On the 9th of January, Timeshares released a 4-song digital EP entitled On Life Support. This new material offers fans a taste of what the band have been up to since the release of their last album, Get Dead, in 2015. The songs were tracked this past December at Retro City Studios in Philadelphia, and come with a personal message from Jon Hernandez on Bandcamp about the process of producing the EP and the story behind each track. In his message, Jon warns that these songs may be ‘a little different’ to what Timeshares have previously released, and lets fans know that the EP is meant to act as a preview for the band’s next full-length album (which seems to have been recorded, but will take a little longer to get out into the world). I know Timeshares primarily from their older and (rightly) well-loved album Bearable, which came out in 2011. The line-up on Bearable was the same as Get Dead, with Jason Mosher, Eric Bedell, and Mike Natoli joining Hernandez. This time around, Mosher has been replaced by Maxwell Stern and there has also been the addition of some keys (provided by Kyle Graham). All in all, On Life Support promises something new and exciting from Timeshares.

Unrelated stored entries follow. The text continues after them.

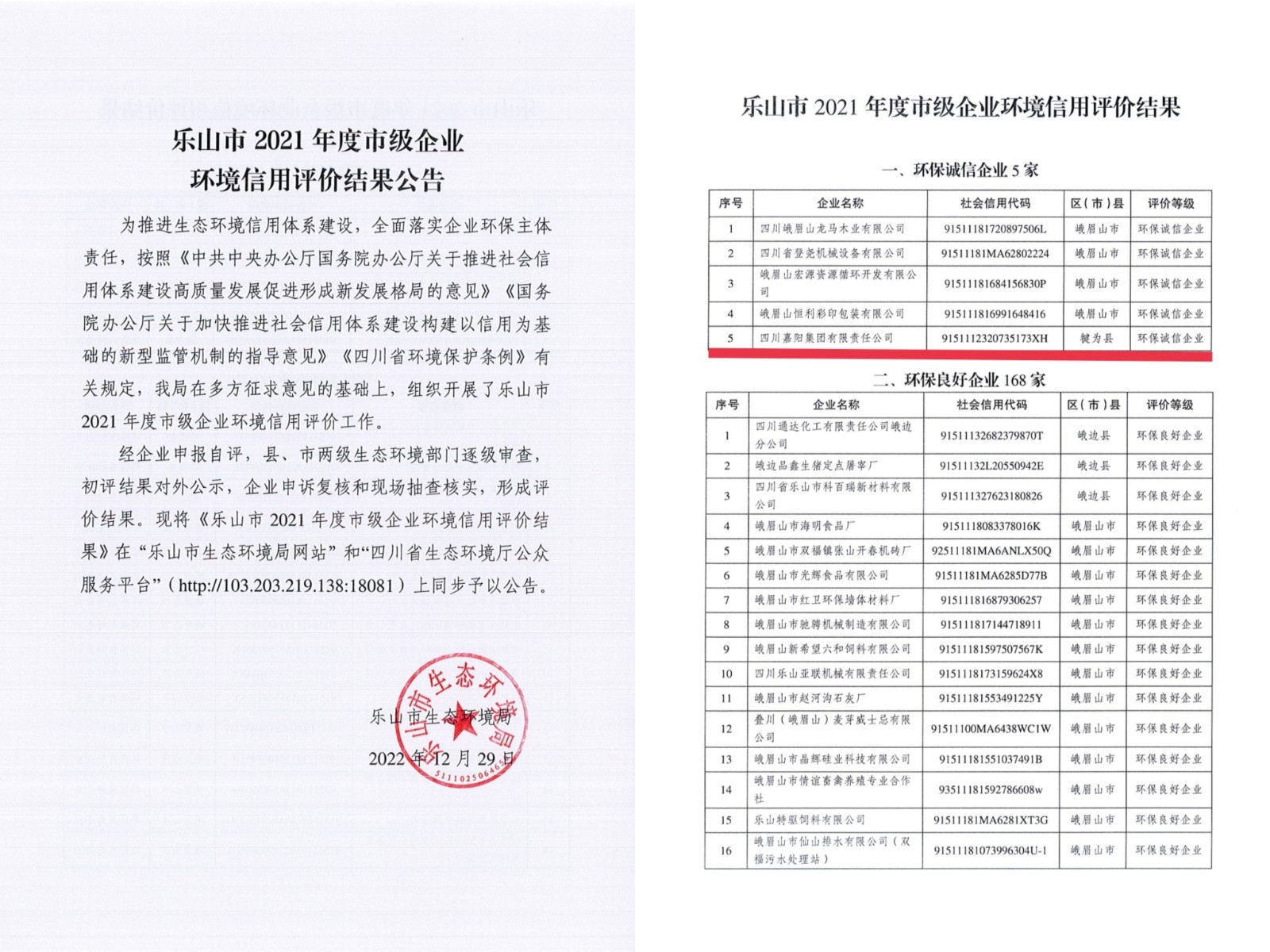 12月29日,乐山市生态环境局公布了2021年度市级企业环境信用评价结果公告,新利(中国)荣获此次环境信用评价中的最高等级“环保诚信企业”称号,这也是新利(中国)连续四年获得该项荣誉。
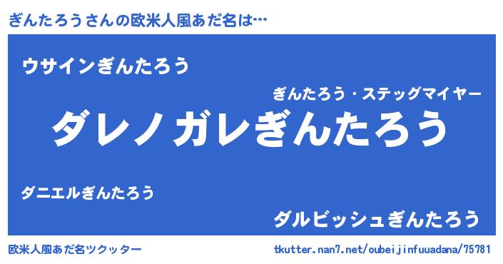 | 女子向けラノベタイトル風あだ名 | 『乙女ゲームの破滅フラグしかない悪役ぎんたろうに転生してしまった…』 |
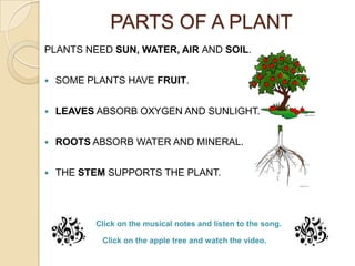 Plants need sun, water, air and soil to survive. They have different parts like leaves, stems, roots and flowers. Leaves absorb sunlight and oxygen, roots absorb water and minerals, and stems support the plant. There are different types of plants like trees, bushes and grass. Some plants lose their leaves in autumn while evergreen trees keep their leaves all year. Plants reproduce through seeds contained in fruit or through pollen carried by wind or insects. Plants are important as they provide food, oxygen and homes for animals.

Getting into the first song on the EP, ‘Life Support’, the first thing I pick up is that it’s slower than the Timeshares songs I remember. The guitar tone is beautifully rich and warm, and the sound is filled in nicely by the keys, but it’s the vocals that really soar out of the song. Slowing things down seems to have allowed the band to linger a little longer on vocal melodies. The general sound of this song also seems a little more country than the Timeshares of the past. This country-esque feel comes not only from the guitar strumming and a few choice vocal harmonies, but also from the narrative-style lyrics: “Baby, we’re on life support, yeah. And you don’t make it easier when you say we’re alright – because we’re not!” It is well worth reading everything that Hernandez has to say on Bandcamp about the message behind this song, which speaks to the ways in which the dominant position of straight white males is currently being challenged by historically marginalized groups. He writes, “I’m thankful to have been able to stand in the glow of many oft-marginalized people across race, gender and sexuality who, in the face of all this, maintain a level of strength and compassion that inspires a hope way stronger than any frightened dipshit drumming up hate.” In writing a song like ‘Life Support’, Timeshares help contribute to continuing this conversation and spreading more hope.
The second track is much more like the Timeshares of old. Kicking off with a juicy riff that reoccurs throughout the rest of the song, ‘Anxious and Aspy’ describes the challenge of living as an adult with social anxiety. The sense that fitting in is a “pass or fail” moment that leaves no space for in-betweeners is something that many people can relate to (particularly punks, or anyone else who often finds themselves on the social fringe). I think there will be many fans who nod along to the song’s closing lines “I don’t think I’m coming out to play. It feels like starting over every day.” The last two tracks on the EP, ‘Bat City’ and ‘Ladder’ are both slower songs with meditative, soulful melodies. ‘Bat City’ has a barroom singalong feel and, although the song doesn’t speed up, it gradually builds up a rich layering of sounds including some bluesy vibrato guitar. ‘Ladder’ is a really moving acoustic track that pays homage to Hernandez’s father, but which also works as a meditation on life, death, and the lessons that parents pass onto their children. The vocals ring out beautifully, so that it sounds to me like the song is being sung in a big open space.
The new EP from Timeshares feels like something you’d get from an older and more experienced band. There are no cheap tricks here – just good, honest songwriting with depth. The songs are hearty and satisfying, and the addition of new elements like the keys has paid off. I’m really looking forward to the next full-length release from Timeshares if this is the sort of quality we can expect.